We are excited to share a preview of Gilbert Badaro’s (Ph.D.) paper titled “A Link Prediction Approach for Accurately Mapping a Large-Scale Arabic Lexical Resource to English WordNet”. The paper will be published at the prestigious ACM Transactions on Asian and Low-Resource Language Information Processing (TALLIP).

Abstract:
English WordNet (EWN), that is composed of sets of cognitive synonyms called synsets, which are interlinked by means of conceptual-semantic and lexical relations and where each synset expresses a distinct concept,  proved to be a leading example of a large-scale resource that has enabled advances in Natural Language Understanding tasks such as word sense disambiguation, question answering, sentiment analysis and emotion recognition.
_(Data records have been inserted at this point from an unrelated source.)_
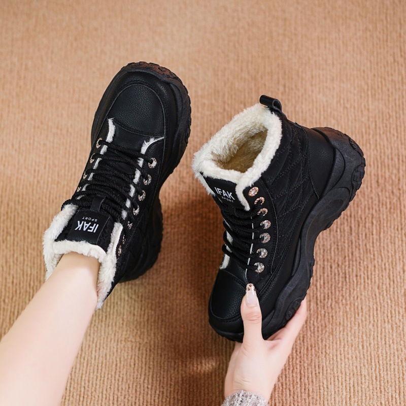 스노우 부츠 여성의 2024 새로운 겨울 기모 두꺼운 마틴 부츠 여성 신발 짧은 부츠 따뜻한 두꺼운 밑창 학생면 신발스토어 가기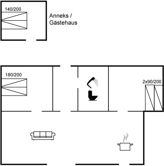 Der er i alt 3 soveværelser. Sovepladserne fordeler sig på: 4 sovepladser i dobbeltsenge. 3 sovepladser i enkeltsenge. 2 af disse sovepladser befinder sig i et anneks.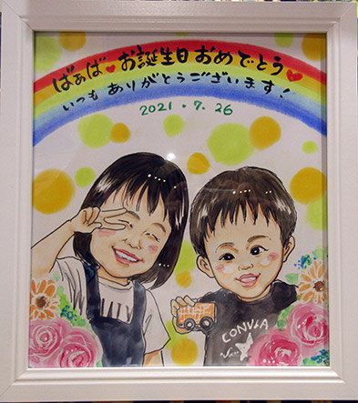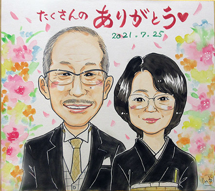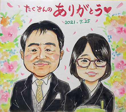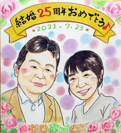 こちらの似顔絵は、10年前に15周年の記念にと似顔絵を描かせていただいたご夫婦の娘さんたちが、ご両親の25周年記念にプレゼントしたいのでというご依頼でした!まさかまさかの10年越しの似顔絵ですね〜。嬉しいですね。ぜひ次も10年後にお待ちしております。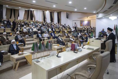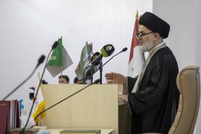 "Değerli hazırun... Faziletli âlimler.. Muhterem efendiler.. Allah'ın selamı, rahmeti ve bereketi üzerinize olsun. Sizi selamlıyor ve bu mübarek mekânda, Mukaddes Hz. Abbas'ın (a.s.) Türbesi'nde sizleri ağırlamaktan memnuniyet duyuyorum. Allah Tebareke ve Teala'dan, tertemiz İmamların (a.s.) mirasını, erdemli âlimlerin mirası aracılığıyla ihya etmek için topluluğumuzu çoğaltmasını diliyoruz.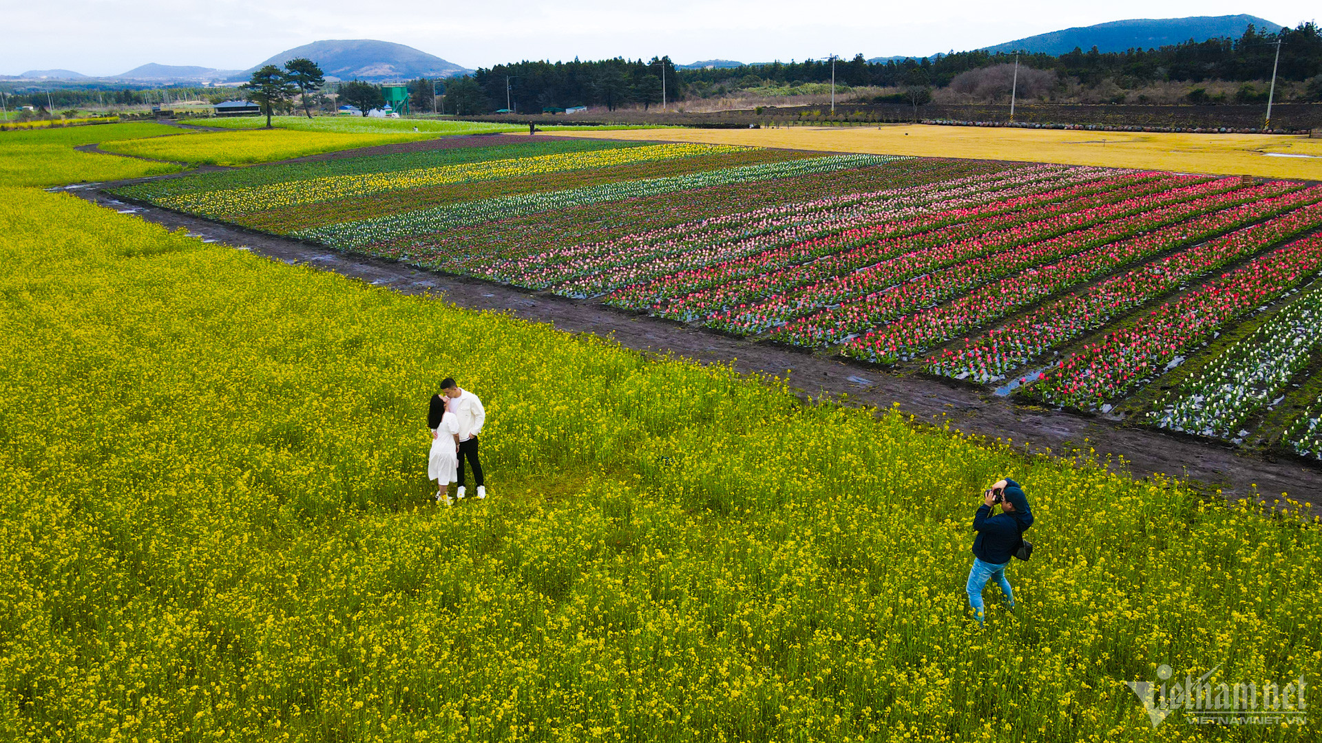 Jeju có một cánh đồng tulip mang tên Borom Wat với những luống hoa được trồng và chăm sóc kỹ lưỡng. Hầu như du khách nào đến thành phố đảo đều phải qua đây check-in. Không quá rầm rộ, nhưng Borom Wat như một địa điểm "bỏ túi" của những tín đồ du lịch. Khi hè tới, cánh đồng này sẽ được phủ đầy hoa cẩm tú cầu đủ màu sắc. Còn đến mùa lạnh, nông dân làm lại luống đất, bắt đầu vào vụ tulip và hoa cải dầu. Lúc đó, những luống hoa đủ màu sắc khỏe khoắn đua nở, trải dài và rộng, mênh mông tầm mắt, bất cứ ai nhìn thấy cũng có thể dạt dào xúc cảm.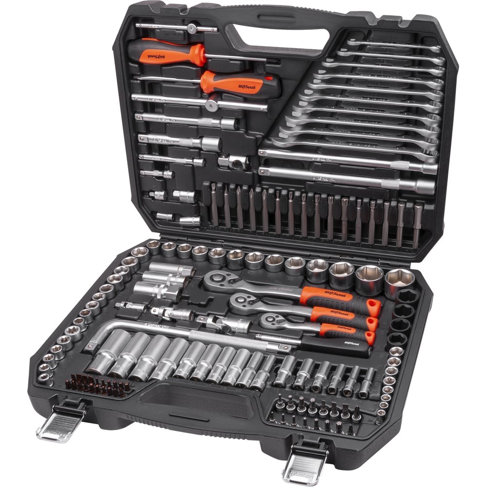 AV Steel AV-011144 — профессиональный набор инструментов 144 предмета для комплексного ремонтаПолный комплект для профессионалов:3 типа приводов (1/4", 3/8", 1/2") с полным размерным рядом головок от 6 до 32 ммСпециализированные головки: удлиненные, свечные (14/16/21 мм), E-типа, ударныеПолный набор бит: TORX (до T55), HEX (до H12), SLOTTED, PHILLIPS, POZIDRIV, ROBERTSONПрофессиональные трещотки 72 зуба для каждого типа приводаУникальные особенности: ✔ Двойной комплект бит (в держателе 5/16" и стандартные 1/4") ✔ Спецоснастка: адаптеры, карданы, удлинители разных размеров ✔ Дополнительные инструменты: комбинированные ключи, отверткиПреимущества для мастеров:Полное покрытие размеров для авторемонта и строительстваИзносостойкие материалы (хром-ванадиевая сталь)Удобные трещотки с мелким шагом (5° угол поворота)Головки с защитным покрытиемКомплектация включает:46 головок разных типов и размеров42 биты всех распространенных стандартов12 адаптеров и переходников6 удлинителей разной длины3 трещотки профессионального классаИнструменты общего назначенияИдеально для: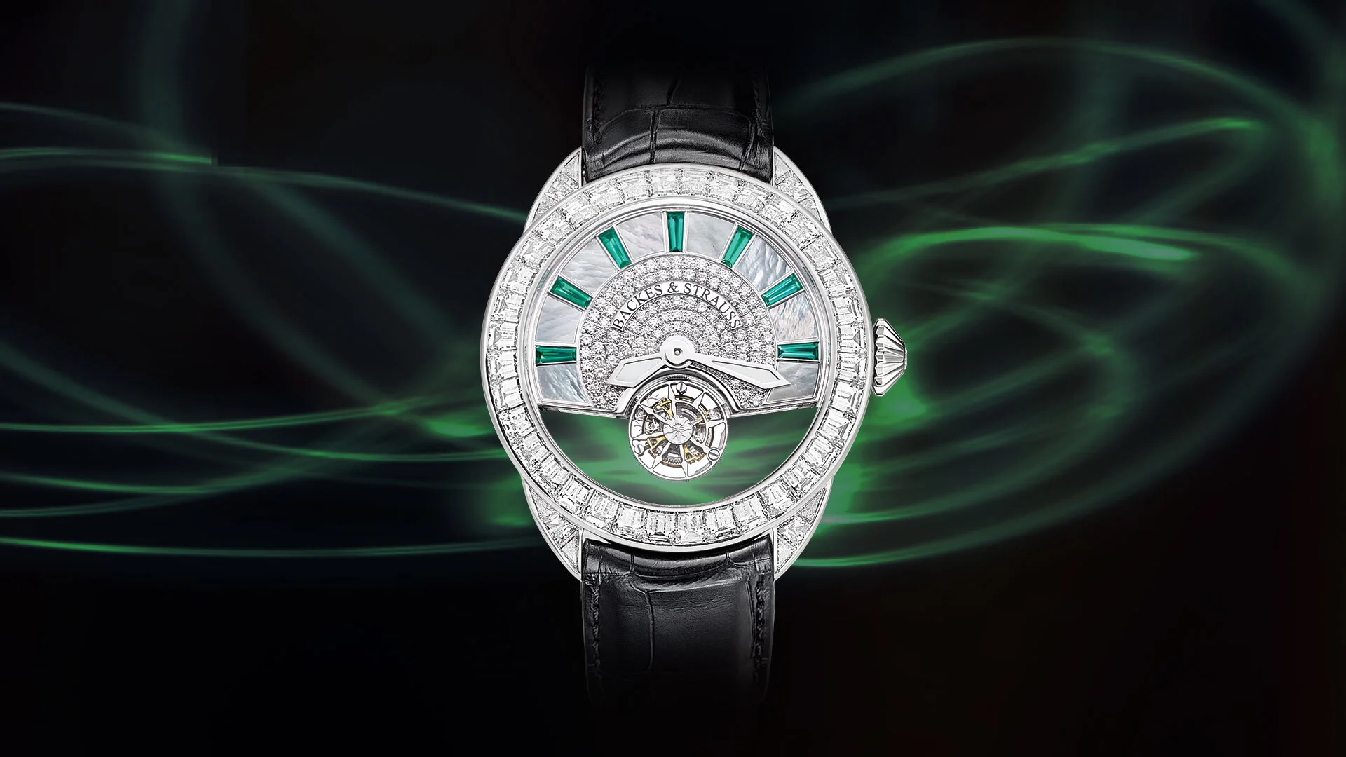 Just like our Emperor collection, the bespoke tourbillon made for this series, which is visible from the cut away dial, is decorated by Backes & Strauss’ signature arrows motif, inspired by the Hearts & Arrows pattern visible when viewing an Ideal Cut diamond with a special loupe. The white mother-of-pearl dial is set with 7 baguette cut emeralds, which act as hour markers and 138 white Ideal Cut diamonds.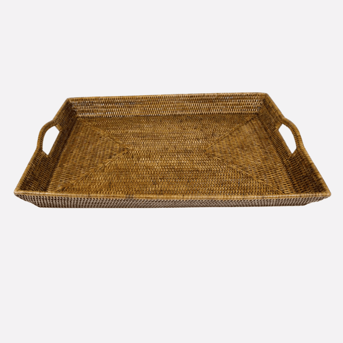 Bandeja grande con asas realizado en ratán. Ideal para lucir en aperitivos o para servir la mesa.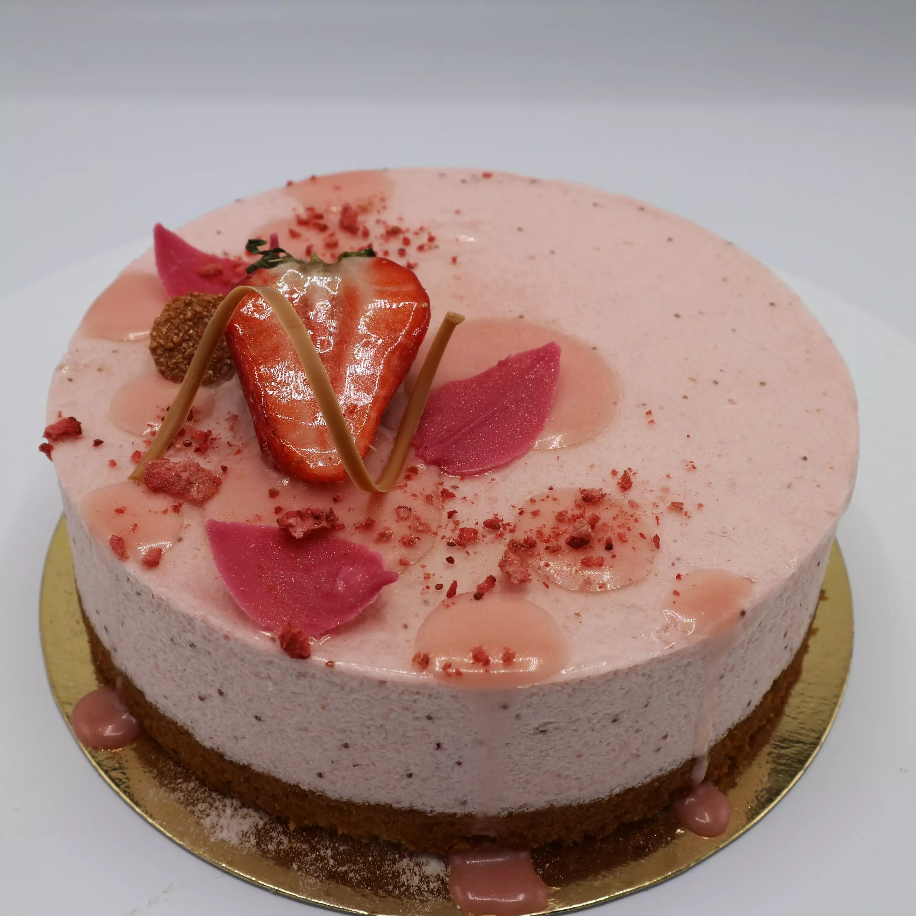 Gluteeniton mansikka-raparperikakku on kesänmakuinen juustokakku, jossa raikas raparperi ja makea mansikka täydentävät toisiaan. Kakussa on itsetehty vaalea pohja ja raikkaan moussen sisällä on maukas raparperihillosydän. Kakku on päällystetty kiilteellä ja koristeltu vaaleanpunaisella suklaaganachella, mansikalla ja erilaisilla suklaakoristeilla. Kakku leivotaan gluteenittomassa leipomossamme ja on luontaisesti gluteeniton eli ei sisällä vehnää, ohraa, ruista eikä kauraa.
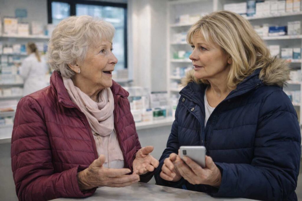 Naast haar bij de toonbank stond een oudere vrouw – eind 70, schatte Margit – die een praatje maakte met de apotheker.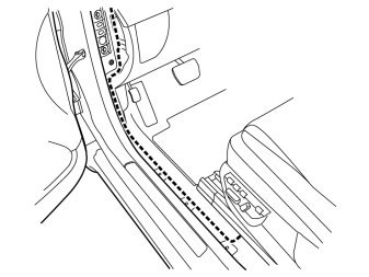 - Carefully pry off the cover panel at the bottom edge of the B-post panel so that it releases from the sill trim panel.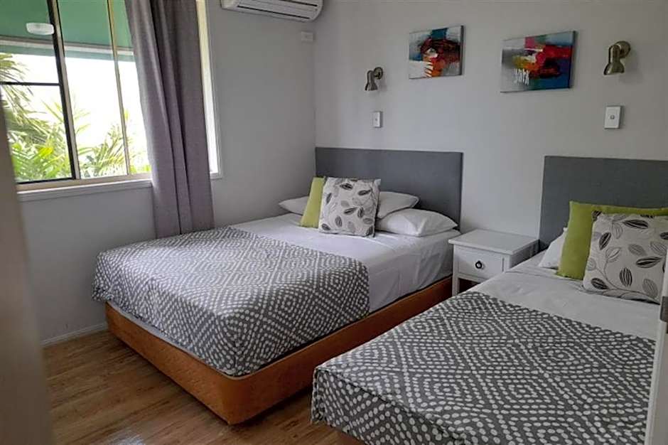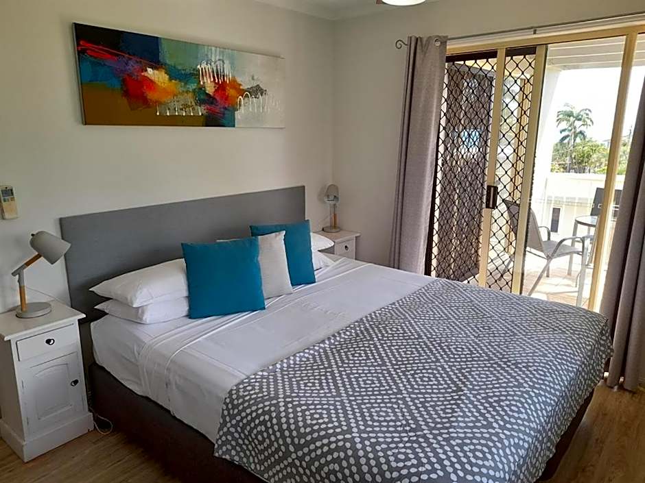 This apartment is a 2 bedroom poolside apartment on the ground floor, access via low rise stairs. Queen bed and 2 x single beds, 1 bathroom, air conditioned, fans, kitchen, dishwasher, open windows. Views to the Coral Sea Marina from the patio. Free Wi Fi, onsite car parking (one vehicle per booking under 2mtrs).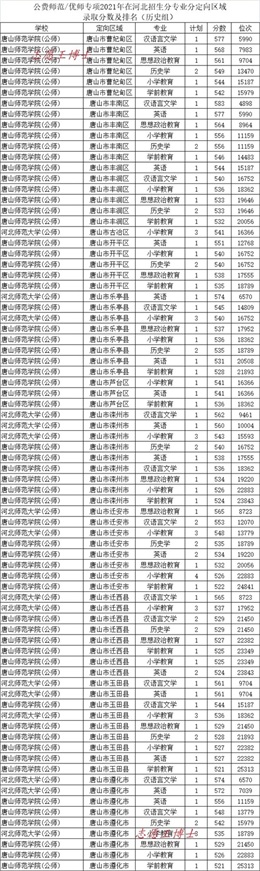 公费师范招生院校2021年在河北招生录取分数及位次8(历史组定向唐山)

However, such resource does not exist for all languages in the same large scale as English WordNet since the development task of such resource involves a lot of time-consuming manual efforts. In this paper, we focus on the Arabic language. We propose to automatically extend an existing Arabic WordNet by formulating the problem as a link prediction between existing large-scale Arabic lexicon and English WordNet. We propose the use of a two-step boosting approach We propose the use of a two-step Boosting method, where the first step aims at linking English translations of the Arabic terms extracted from parallel corpora to EWN’s synsets. The second step uses surface similarity between the English definitions provided in the Arabic lexicon, SAMA, and EWN’s synsets. The proposed method resulted in an enhanced Arabic sentiment lexicon, ArSenL 2.0, compared to the state-of-the-art lexicon, ArSenL. A comprehensive study covering both intrinsic and extrinsic evaluations shows the superiority of the method compared to several baselines and state-of-the-art link prediction methods.